February 02, 2026
After it briefly went dark for thousands of users across the US, TikTok has been restored with services fully brought to normal.
Multiple TikTok outages last week adversely affected user experience, with the social platform having over 220 million users in the US.
TikTok attributed last week's disruptions to the fierce snowstorm that draped most of the US, which also caused an outage at an Oracle-operated data centre responsible for TikTok operations.
“We have successfully restored TikTok back to normal after a significant outage caused by winter weather took down a primary U.S. data centre site operated by Oracle," the company said in a post on X (formerly Twitter).

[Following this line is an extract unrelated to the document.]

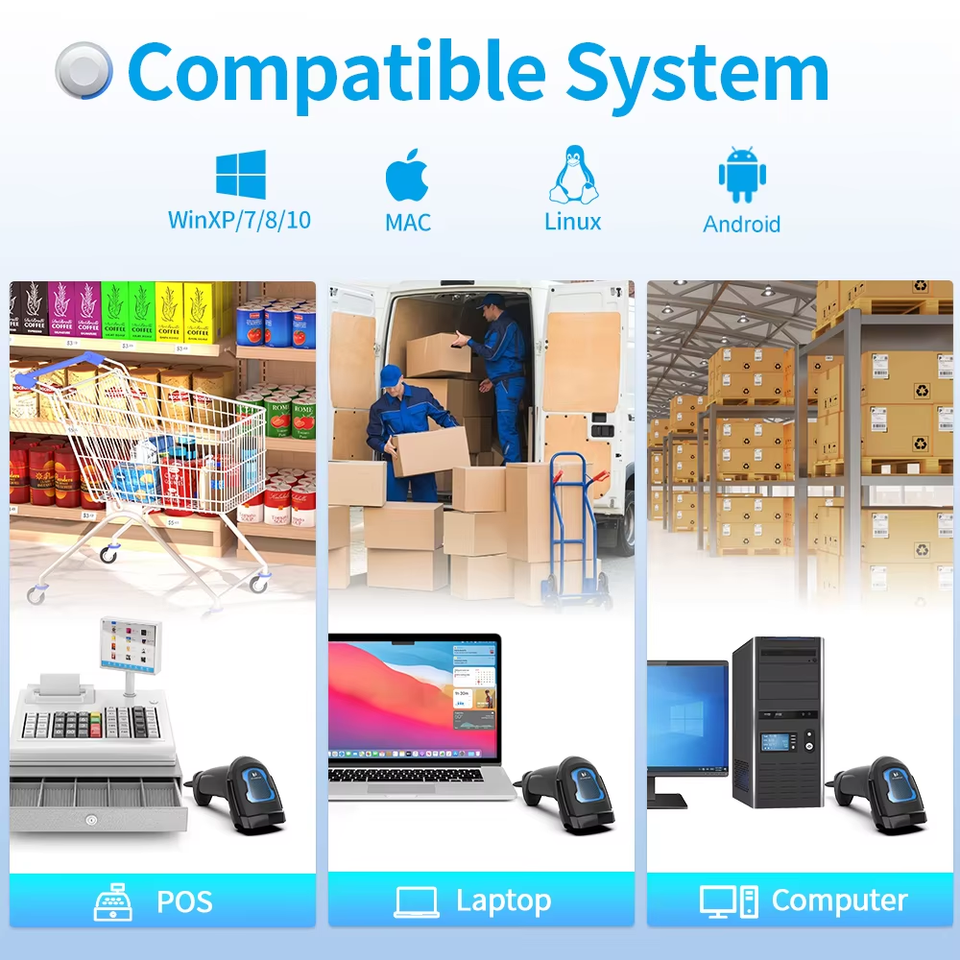 Escáner de código de barras láser 1D con cable Xincode Inventario Sensor de imagen 2D inalámbrico portátil Lector de código Qr Escaneo para almacén de supermercado

"The winter storm led to a power outage which caused network and storage issues at the site and impacted tens of thousands of servers that help keep TikTok running in the U.S. This affected many of TikTok’s core features—from content posting and discovery to the real-time display of video likes and view counts,” it added.
Following its ownership transfer last month to a joint venture which is largely backed by US investors, TikTok was downloaded 41,000 times within days of the TikTok deal’s finalisation, noted analyst firm AppFigures.
The US-based investor consortium secured a controlling 80% stake in the company, while the remaining 20% ownership is held by ByteDance.
As the deal finalisation coincided with the snowstorm, users faced glitches in posting and searching within the app, besides slower load times.
At the time of the outage, TikTok stated that creators might see zero views on their posts until the problem is fully resolved.
The company also said at the time that it was working on redressal, but outages seemed intact as users continued to face problems with posting content.